I’m trying to implement simulated annealing as a custom PyTorch optimizer to be used in a neural network training loop instead of a traditional gradient-based method. The code I currently have runs, but the loss just keeps growing rather than decreasing. I’ve tested on this dataset using a traditional gradient-based method and do achieve improving performance, rather than decreasing like it does here.
I think the issue may be with how I am updating the model parameters on each iteration. For simulated annealing I need to check the loss value for new randomly chosen parameters within some neighborhood of the current parameters. If the loss is lower, I update the model to the new parameters. If the loss is higher, with some probability I will still update the parameters (according to the simulated annealing algorithm).
Is the way I have done this correct? Basically I am updating the parameters with the new (random) ones, testing the loss, and if the loss is higher with the new points I put back the old parameters with some probability (using load_state_dict). If the loss is lower, I keep the new parameters. Any ideas why this is not working?
Below is the class I wrote for simulated annealing.
Here is a link to all the code in the notebook (full data pipeline) where I use this simulated annealing algorithm, in case that helps.
import torch
from torch.optim import Optimizer
import torch.nn as nn
import numpy as np
import math
class SimulatedAnnealing(Optimizer):
def __init__(self, params, startTemp = 1000
, coolRate = 0.001, neighborhoodSize = 0.05
, loss = nn.CrossEntropyLoss()
, model = None
, features = None
, labels = None): #these represent default values, but can be overridden
self.startTemp = startTemp
self.coolRate = coolRate
self.currTemp = startTemp
self.loss = loss
self.model = model
self.features = features
self.labels = labels
self.neighborhoodSize = neighborhoodSize
def step(self):
#need to first generate a random new point in the space
if torch.cuda.is_available():
oldOutputs = self.model(self.features.cuda())
oldPerformance = self.loss(oldOutputs, self.labels.type(torch.LongTensor).cuda())
else:
oldOutputs = self.model(self.features)
oldPerformance = self.loss(oldOutputs, self.labels.type(torch.LongTensor))
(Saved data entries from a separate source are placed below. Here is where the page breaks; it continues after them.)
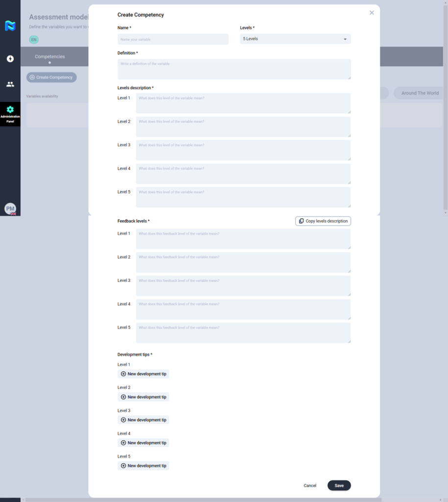 Note that the level of the competencies has to match the level defined in the project so that they appear in the list of the available variables of the project you are going to define.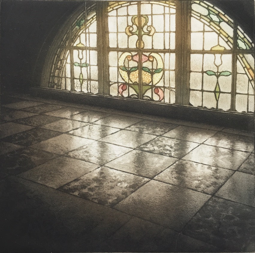 Anja Percival has understandably gained many avid collectors of her evocative work.  This etching was created in 2020 and forms part of a series of atmospheric etchings of interiors in addition to spaces around Anja's home town of Durham.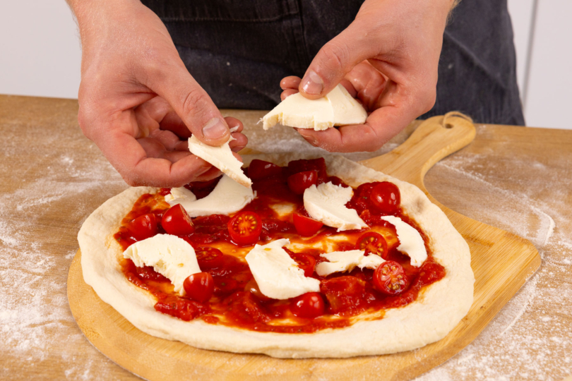 Drücke jede Kugel mit den Fingerspitzen von der Mitte aus flach nach außen und arbeite dich so langsam vor, bis deine Pizza genauso groß und flach ist wie du möchtest. So entsteht ein gleichmäßiger, dünner Boden mit einem leicht erhöhten Rand. Wir raten davon ab, ein Nudelholz zum Ausrollen zu verwenden, da es den Teig zu sehr zusammenpresst und die Pizza Caprese wird später nicht so fluffig. Wenn du bereits etwas geübter bist, kannst du den Teig auch „auseinanderziehen“, das ist am schonendsten.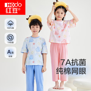 红豆儿童睡衣纯棉春夏薄款网眼家居服套装男童女童全棉抗菌空调服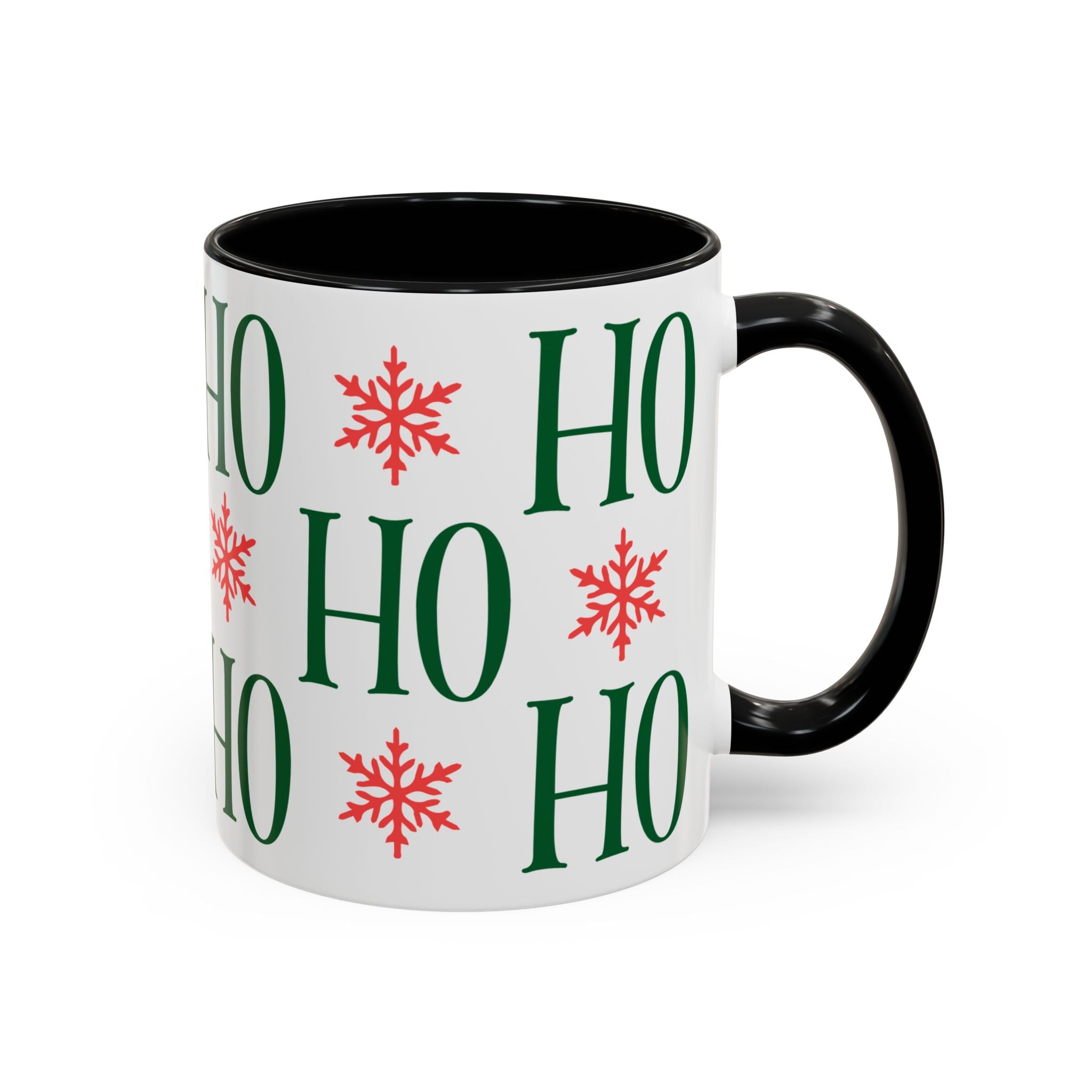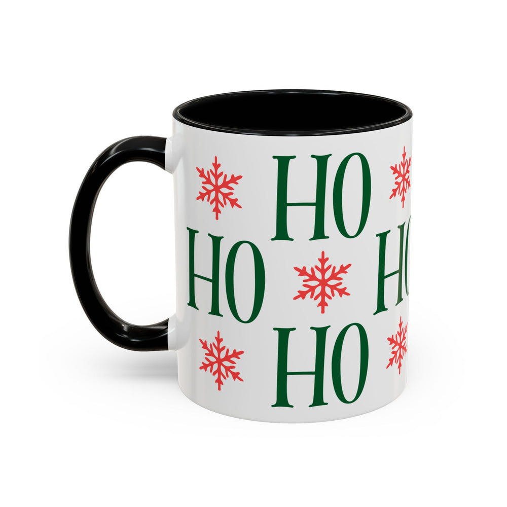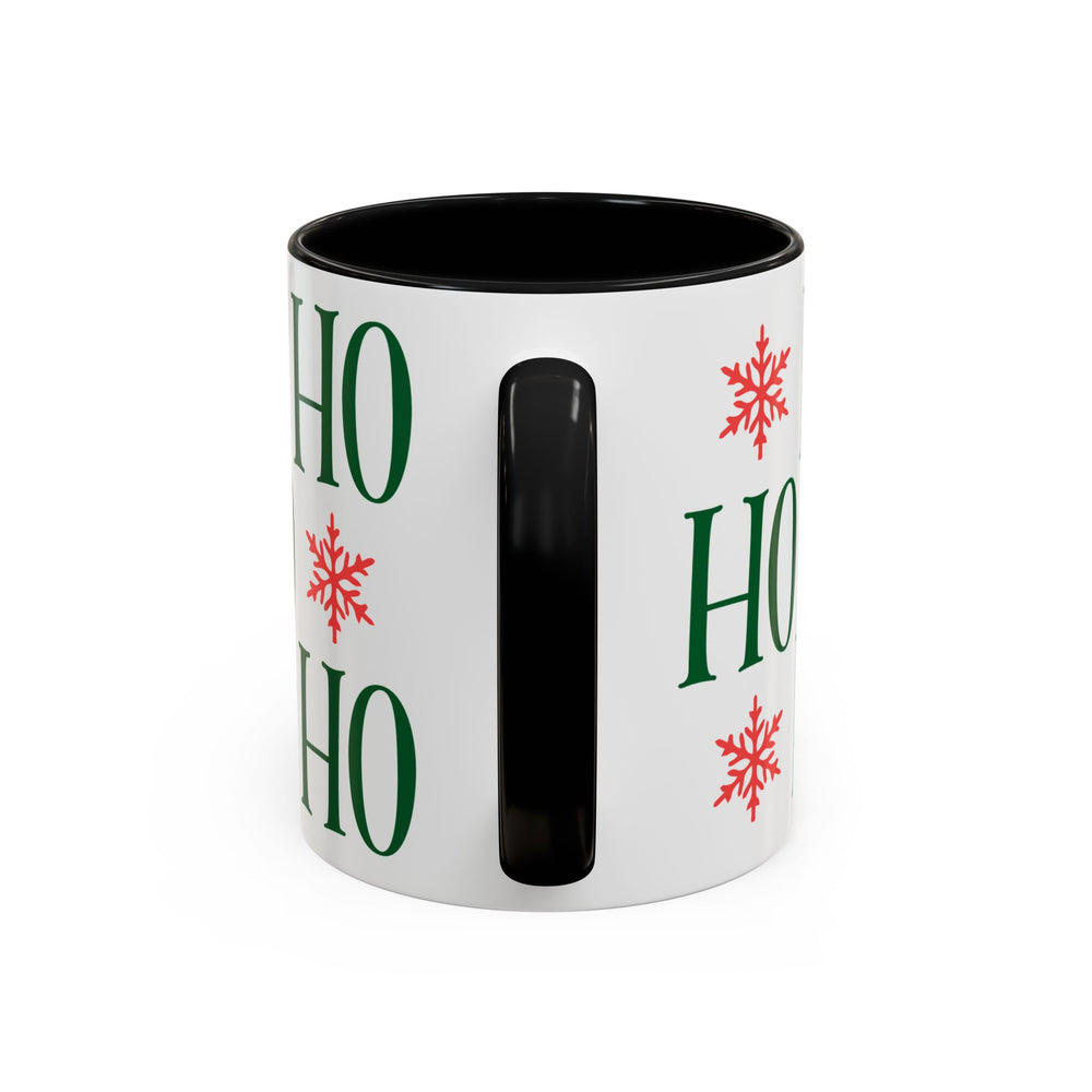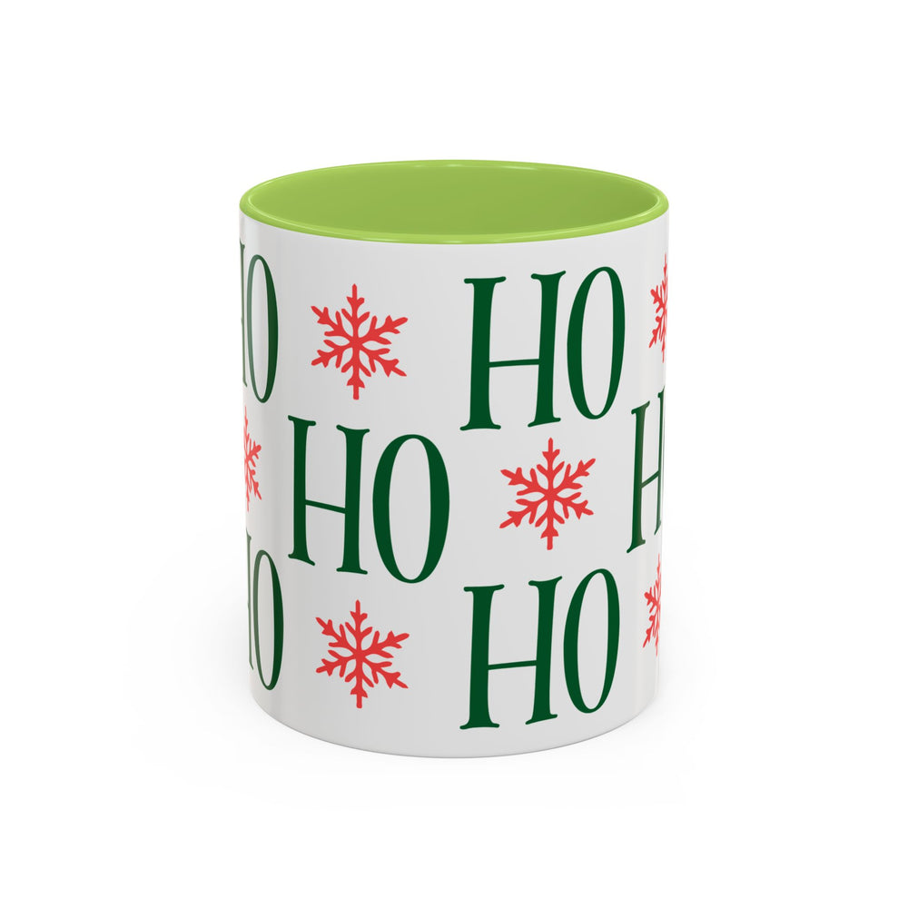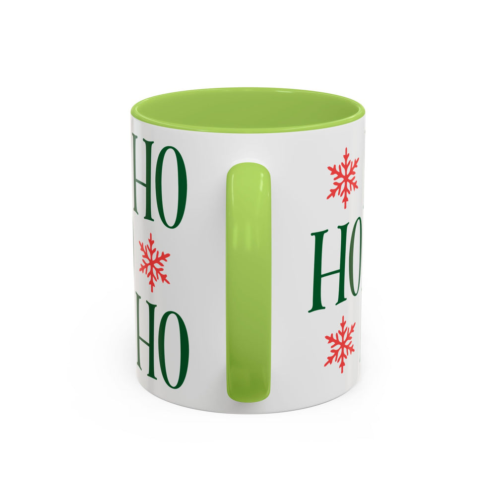HO HO HO Christmas Mug – Green Holiday Typography Mug with Snowflakes | Cute Festive Coffee Cup for Winter & Gift Giving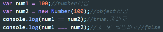 ▲ 값은 100으로 같지만 타입이 num1은 number이고 num2는 object이므로 ===비교연산에서는 false가 나온다.
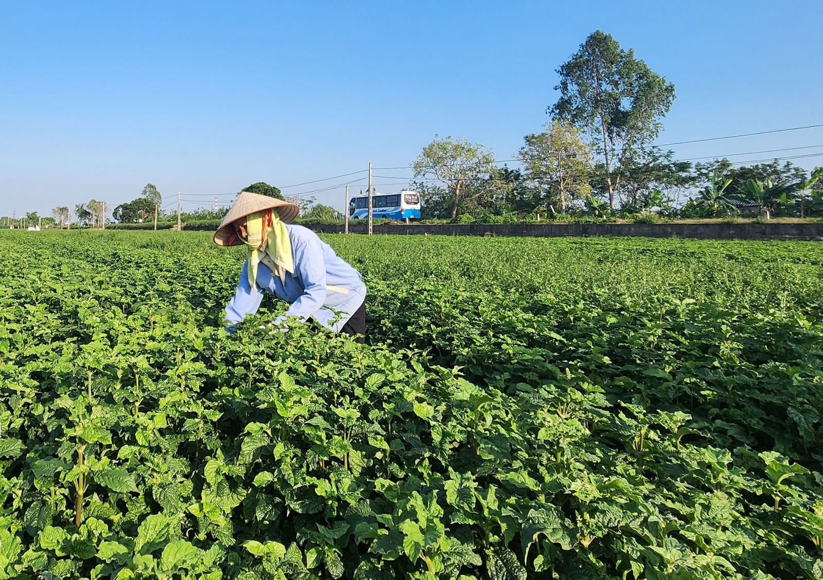Nông dân xã Thống Nhất, huyện Hưng Hà (Thái Bình) chăm sóc cây dược liệu ngưu tất. Ảnh: Báo Thái Bình

oldDict = self.model.state_dict()
for name, param in self.model.state_dict().items():
#generate a matrix of random changes in each param element to be added to each param matrix
if (len(param.shape) == 2):
random = torch.Tensor(np.random.uniform(low = self.neighborhoodSize * -1, high = self.neighborhoodSize
, size = (param.shape[0], param.shape[1])))
else:
random = torch.Tensor(np.random.uniform(low = self.neighborhoodSize * -1, high = self.neighborhoodSize
, size = param.shape[0]))
#now add random to the params to transform them
new_param = param + random.cuda()
self.model.state_dict()[name].copy_(new_param)
if torch.cuda.is_available():
newOutputs = self.model(self.features.cuda())
newWeights = self.model.state_dict().items()
newPerformance = self.loss(newOutputs, self.labels.type(torch.LongTensor).cuda())
else:
newOutputs = self.model(self.features)
newWeights = self.model.state_dict().items()
newPerformance = self.loss(newOutputs, self.labels.type(torch.LongTensor))
if (newPerformance < oldPerformance):
jumpProb = math.exp((newPerformance - oldPerformance) / self.currTemp) #computes the probability of accepting a worse point
if (np.random.uniform(0, 1) <= jumpProb): #determines whether we jump to worse point or stay with prior point
self.currTemp -= self.coolRate
else:
self.model.load_state_dict(oldDict) #put the old weights back in case where we don't jump'
self.currTemp -= self.coolRate
else:
self.currTemp -= self.coolRate